Solid sheet of cells with eosinophilic cytoplasm and prominent nucleoli.

Radical open nephrectomy through thoraco-abdominal approach was performed together with partial clearance of para-aortic lymph node mass as it was matted and fixed to the aorta. Per operatively, invasion was also noted into the psoas muscle and colonic mesentery. After postoperative recovery, patient was given six cycles of gemcitabine and cisplatin, and showed a good partial response with good volume reduction of retroperitoneal/para-aortic nodal disease.

Discussion

In 1995, Davis et al described renal medullary carcinoma (RMC) as a new tumour classification, suggesting a distinct relationship between chronic hypoxia and tumour development [1]. The environment of the renal medulla is characterized by acidosis and hypoxia promoting hemoglobin S polymerization and red blood cell sickling, thereby making this area of the kidney particularly susceptible to changes in oxygen delivery in patients with both sickle cell trait and disease [2].
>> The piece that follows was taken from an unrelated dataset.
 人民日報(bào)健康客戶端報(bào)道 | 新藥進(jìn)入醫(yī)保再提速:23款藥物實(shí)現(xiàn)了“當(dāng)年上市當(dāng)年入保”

RMC occurs much more frequently in young males with sickle cell trait than in those with homozygous sickle cell [3]. Early mortality is the rule, with few reports of survival beyond a few months [4]. It typically arises from the renal medulla, and radiologically, the lesions usually show highly aggressive, infiltrating and poorly defined masses with increased echogenicity or enhancement with associated retroperitoneal adenopathy [5]. CT or MRI can be used for diagnosis but a fine-needle aspiration biopsy is recommended because this has a high sensitivity and will show the typical features of RMC.

It is obviously important to differentiate between RMC and other renal tumours. Unlike renal cell carcinoma, most patients with RMC present with hematuria, flank pain and/or a palpable mass. The primary differential diagnosis for RMC is collecting duct carcinoma (CDC) because they do share some features. However, Swatz et al [6] described genetic, clinical and histopathological differences between the two, and Srigley and Eble [7] suggested collecting duct carcinoma as most likely to present in a patient without sickle cell trait, primarily in males and later in life (median age of 53 years). Moreover, RMC has predominantly a reticular pattern, whereas CDC more commonly displays a tubular or tubulopapillary patterns and immunohistochemically, CDC typically is cytokeratin 34-E12 and ulex europeus agglutinin 1 lectin positive.
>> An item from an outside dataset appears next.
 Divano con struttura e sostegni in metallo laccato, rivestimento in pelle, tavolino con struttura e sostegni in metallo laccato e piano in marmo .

The outcome of renal medullary carcinoma is generally very poor due to the aggressive nature of this neoplasm, late diagnosis and also to its resistance to conventional chemotherapy. The mean survival is about 3 months [1]. The long duration of symptoms in most patients perhaps offers the best hope for future improvements in survival rate mainly with early diagnosis, as there is currently little literature to suggest any true success with surgical, chemo- and/or radio-therapeutic modalities. It is essential that primary healthcare doctors and specialist urologists are aware of this diagnosis so that early investigations can be arranged in all young black patients with sickle cell trait presenting with hematuria and/or loin pain.